(Collected material Opens)

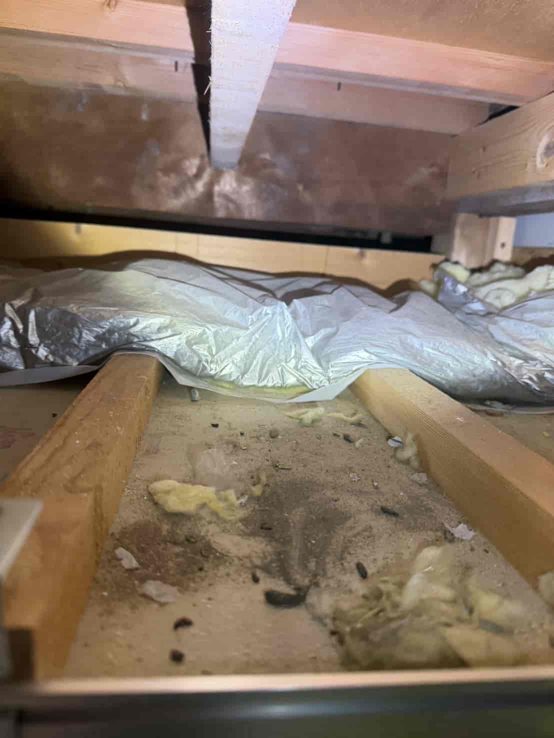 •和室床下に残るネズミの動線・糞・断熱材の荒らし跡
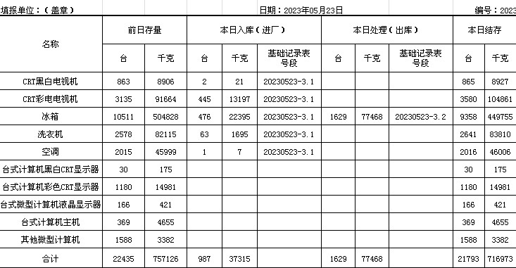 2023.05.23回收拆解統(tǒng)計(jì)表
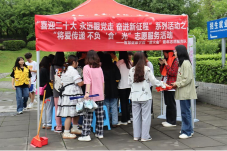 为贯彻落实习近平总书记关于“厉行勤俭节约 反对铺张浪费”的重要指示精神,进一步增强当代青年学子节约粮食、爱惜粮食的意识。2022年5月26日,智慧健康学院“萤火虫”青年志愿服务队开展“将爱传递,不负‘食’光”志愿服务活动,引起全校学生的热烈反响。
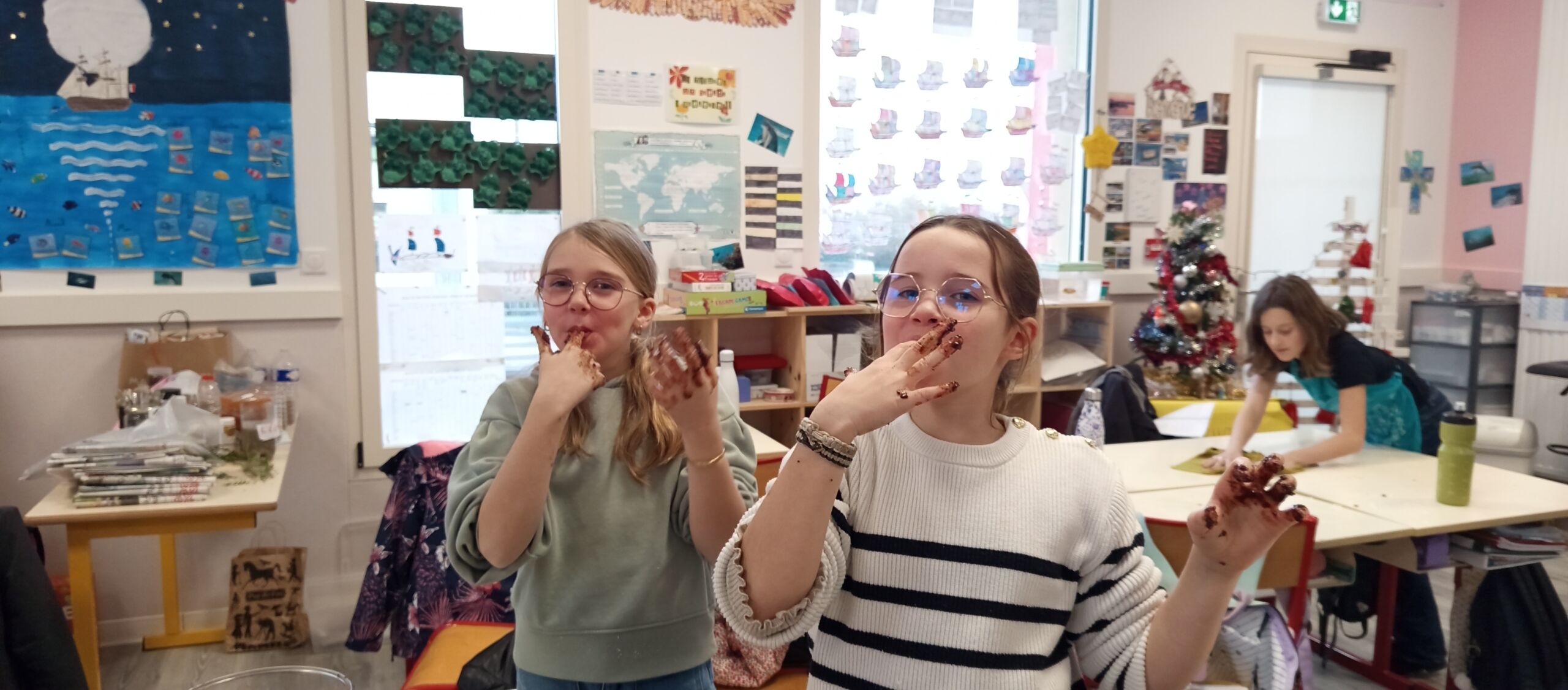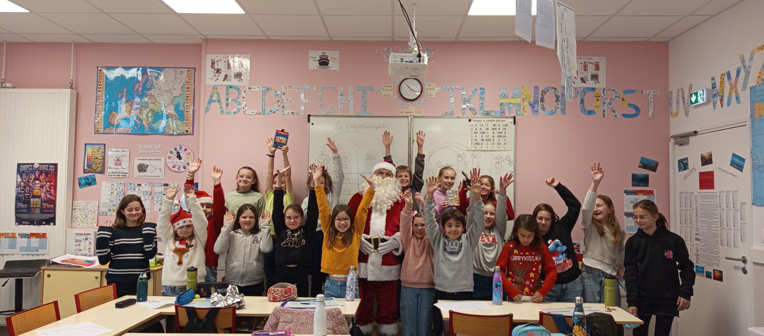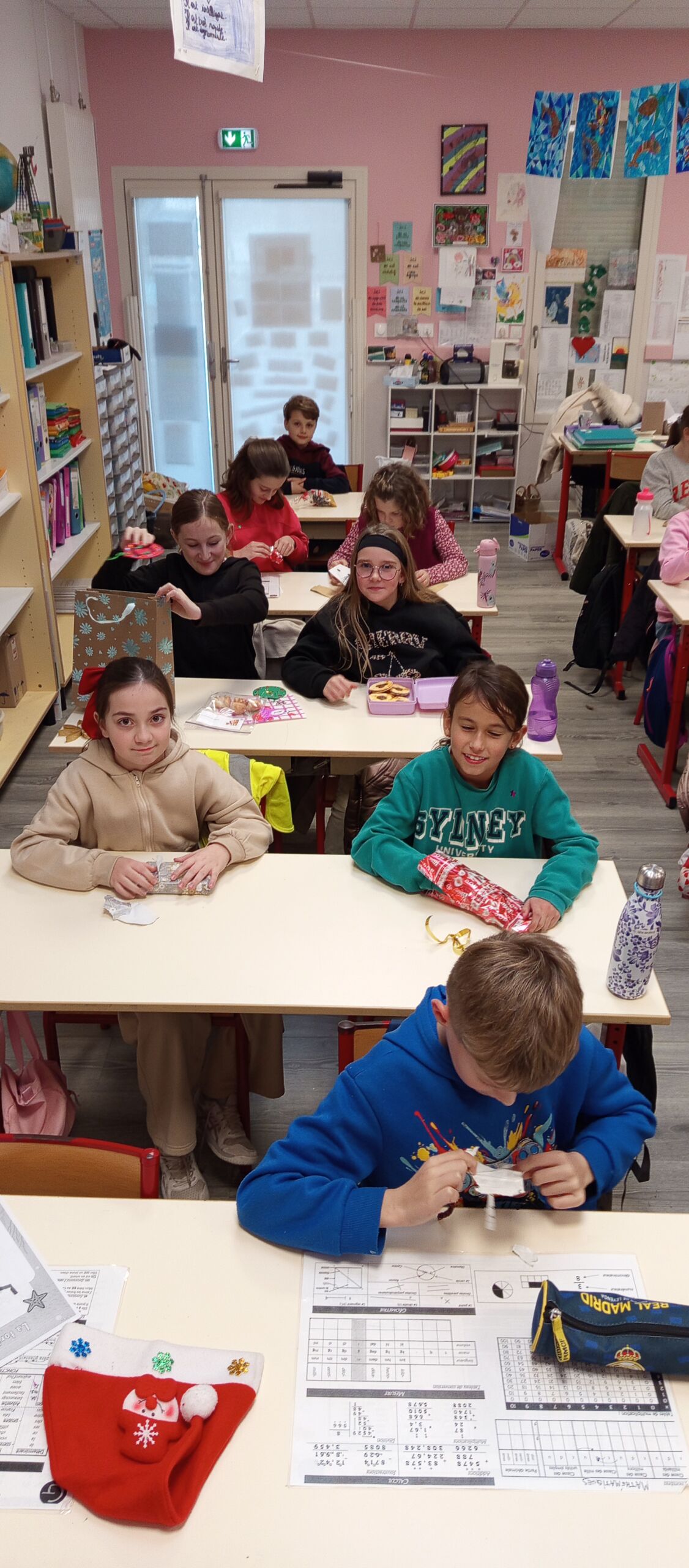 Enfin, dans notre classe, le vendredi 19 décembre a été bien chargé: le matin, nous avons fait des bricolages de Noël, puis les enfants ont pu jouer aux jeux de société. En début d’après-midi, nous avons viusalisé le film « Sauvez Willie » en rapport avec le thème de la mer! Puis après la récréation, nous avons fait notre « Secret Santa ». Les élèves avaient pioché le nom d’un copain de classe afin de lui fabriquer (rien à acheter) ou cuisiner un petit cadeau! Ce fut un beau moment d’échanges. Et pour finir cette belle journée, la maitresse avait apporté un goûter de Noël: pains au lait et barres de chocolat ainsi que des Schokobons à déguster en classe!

(Collected material Closes)

__Problem details__. Starting at the line that holds "2023.05.23回收拆解統(tǒng)計(jì)表" and ending at the last line of the material above, repeat each line exactly, both ends included, and leave the pictures out.

__Task solution__.
 2023.05.23回收拆解統(tǒng)計(jì)表
 为贯彻落实习近平总书记关于“厉行勤俭节约 反对铺张浪费”的重要指示精神,进一步增强当代青年学子节约粮食、爱惜粮食的意识。2022年5月26日,智慧健康学院“萤火虫”青年志愿服务队开展“将爱传递,不负‘食’光”志愿服务活动,引起全校学生的热烈反响。
 Enfin, dans notre classe, le vendredi 19 décembre a été bien chargé: le matin, nous avons fait des bricolages de Noël, puis les enfants ont pu jouer aux jeux de société. En début d’après-midi, nous avons viusalisé le film « Sauvez Willie » en rapport avec le thème de la mer! Puis après la récréation, nous avons fait notre « Secret Santa ». Les élèves avaient pioché le nom d’un copain de classe afin de lui fabriquer (rien à acheter) ou cuisiner un petit cadeau! Ce fut un beau moment d’échanges. Et pour finir cette belle journée, la maitresse avait apporté un goûter de Noël: pains au lait et barres de chocolat ainsi que des Schokobons à déguster en classe!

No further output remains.